>>5053349Tl;dr, you are absolutely correct. And it’s a problem most people don’t see or realize is a thing.
It astounds me as to how my doctors treat mental health. The majority of them would make a joke about it and then order some drug to completely knock them out without treating the actual condition and then refuse to order drugs to stabilize or they would order restraints and nothing else. Then the patients stay there for multiple days without treatment in a single room and we wonder why we need to knock them out on a daily basis. I do “request” drugs from my doctors and get them medicated when necessary or do non-medication things in order to occupy their time but I’m also one person on one shift. And this is just emergency.
When I worked inpatient psych on a locked unit, it was heartbreaking. I will never work that unit again because there’s literally nothing I can do to help someone. The people who work in those units are doing things they aren’t trained to do, like therapy, because there is no money in hiring the correct people and having them around 24/7. Once you get a patient stabilized and out of the unit, they have no way of getting care so they do something on purpose to come back for treatment. It’s a revolving door of seeing the same people until they either get put on a really long hold or they just…stop coming back. And very few ever made good recoveries.

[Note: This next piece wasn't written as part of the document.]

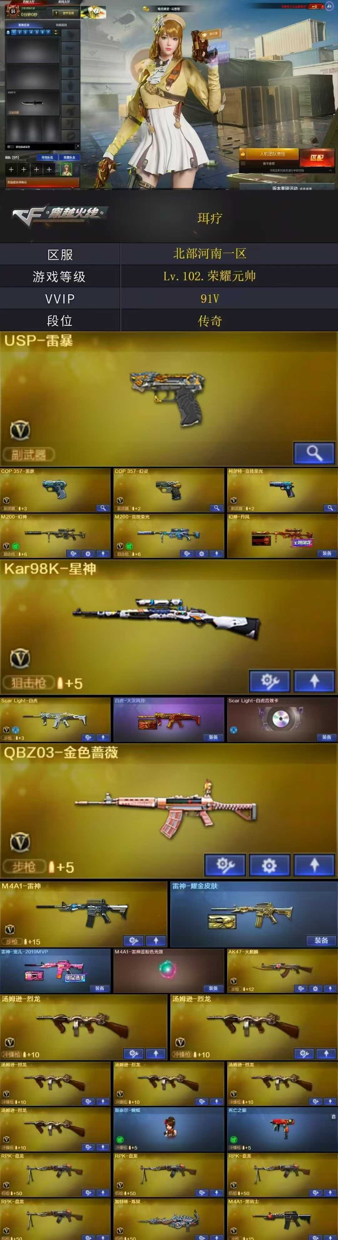 北部战区 编号bbq1271 vip3 可排位 可二次 id珥疗【好看的id】 【⑧个副武器】 【cop 357-雷霆】【usp雷暴】【cop幻灵】【柯尔特竞技荣光】【幻神幻神丹凤皮肤】【m200-竞技荣光】【kar98k-星神】【scar light-白虎】【白虎-大汉风骨】【scar light-白虎音效卡】【q03-金色蔷薇】 生化ys【⑥烈龙蝴蝶斯泰尔】异变清道夫【死亡之眼】【⑤盘龙】 【热门角色】:电竞教官-云悠悠/魅影/蛇隐宗/王者-魅影/王者玲珑-小乔/王者涂鸦/炽天使/灵狐者-职业经理/职业选手/潘多拉 【热门音效卡】:scar light-白虎音效卡/barrett-毁灭音效卡/m4a1-黑骑士音效卡 【热门皮肤】:幻神-丹凤/白虎-大汉风骨/毁灭-bean-2020mvp/雷神-宠儿-2019mvp/屠龙-荣耀之锋/毁灭-荣耀之怒

Yeah, there are those who were down on their luck and got care which was great and happy to see. But there are so many more psychotic patients I get that live on the streets because they don’t have the right drugs, care, and can’t get it in any way. Hell, even with good insurance getting outpatient treatment can take weeks if not months. I wish we cared about good therapy and treatment for mental heath as much as we do about physical. Some of my doctors don’t even think that mental health is a real thing.